From: "J. Bruce Fields" <bfields@fieldses.org>
Subject: Re: lockd using up 60% CPU and won't let go
Date: Mon, 29 Sep 2008 13:14:07 -0400
Message-ID: <20080929171407.GA23212@fieldses.org>
References: <48E10657.7020503@corky.net>
Mime-Version: 1.0
Content-Type: text/plain; charset=us-ascii
Cc: linux-nfs@vger.kernel.org
To: Just Marc <marc-ZTWYIuj8JqNeoWH0uzbU5w@public.gmane.org>
In-Reply-To: <48E10657.7020503-ZTWYIuj8JqNeoWH0uzbU5w@public.gmane.org>
Sender: linux-nfs-owner@vger.kernel.org

On Mon, Sep 29, 2008 at 12:46:15PM -0400, Just Marc wrote:
> Doing a seemingly innocent operation such as opening a file with vim on  
> a CFS (yes, that old crypto file system)
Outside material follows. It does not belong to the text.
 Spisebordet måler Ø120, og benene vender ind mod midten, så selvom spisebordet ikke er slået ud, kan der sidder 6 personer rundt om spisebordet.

It's basically just a userspace NFS server, right?

> NFS mount, lockd would wake up  
> and take 60% of my CPU away - probably doing nothing important but  
> certainly keeping the CPU busy, forever.

Could you work around the problem by mounting with -onolock?
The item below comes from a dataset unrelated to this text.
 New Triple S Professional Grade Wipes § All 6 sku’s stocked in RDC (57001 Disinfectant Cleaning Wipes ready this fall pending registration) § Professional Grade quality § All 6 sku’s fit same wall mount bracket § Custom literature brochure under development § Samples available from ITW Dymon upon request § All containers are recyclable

> I use kernel 2.6.26 and kernel NFS.   Some detail is available below:
>
> $ grep nfs /proc/mounts
> nfsd /proc/fs/nfsd nfsd rw 0 0localhost:/var/lib/cfs/.cfsfs /var/cfs nfs  

(Missing end-of-line before "localhost"?)

> rw,vers=2,rsize=8192,wsize=8192,namlen=255,hard,intr,proto=udp,timeo=11,retrans=3,sec=sys,addr=127.0.0.1 
> 0 0
> localhost:/var/lib/cfs/.cfsfs/x /var/cfs/x nfs  
> rw,vers=2,rsize=8192,wsize=8192,namlen=255,hard,intr,proto=udp,timeo=11,retrans=3,sec=sys,addr=127.0.0.1 
> 0 0
>
> $ egrep 'NFS|_LOCKD' .config
> CONFIG_LOCKDEP_SUPPORT=y
> CONFIG_NFS_FS=y
> CONFIG_NFS_V3=y
> CONFIG_NFS_V3_ACL=y
> CONFIG_NFS_V4=y
> CONFIG_NFSD=y
> CONFIG_NFSD_V2_ACL=y
> CONFIG_NFSD_V3=y
> CONFIG_NFSD_V3_ACL=y
> CONFIG_NFSD_V4=y
> CONFIG_ROOT_NFS=y
> CONFIG_LOCKD=y
> CONFIG_LOCKD_V4=y
> CONFIG_NFS_ACL_SUPPORT=y
> CONFIG_NFS_COMMON=y
>
> I noticed this a few weeks ago but I don't quite know what causes it but  
> I certainly know how to trigger it.   Stopping CFS and NFS completely  
> doesn't help - as soon as NFS is restarted lockd starts eating CPU again  
> just like before.
>
> I'd appreciate any hints on what I can do to find the root cause of the  
> problem and help get this bug out of the way.

You might try running wireshark on the "lo" interface and seeing whether
there's any NLM traffic from lockd.

Or a sysrq-t trace ("echo t >/proc/sysrq-trigger", then look in the
logs) might show what lockd's doing.

--b.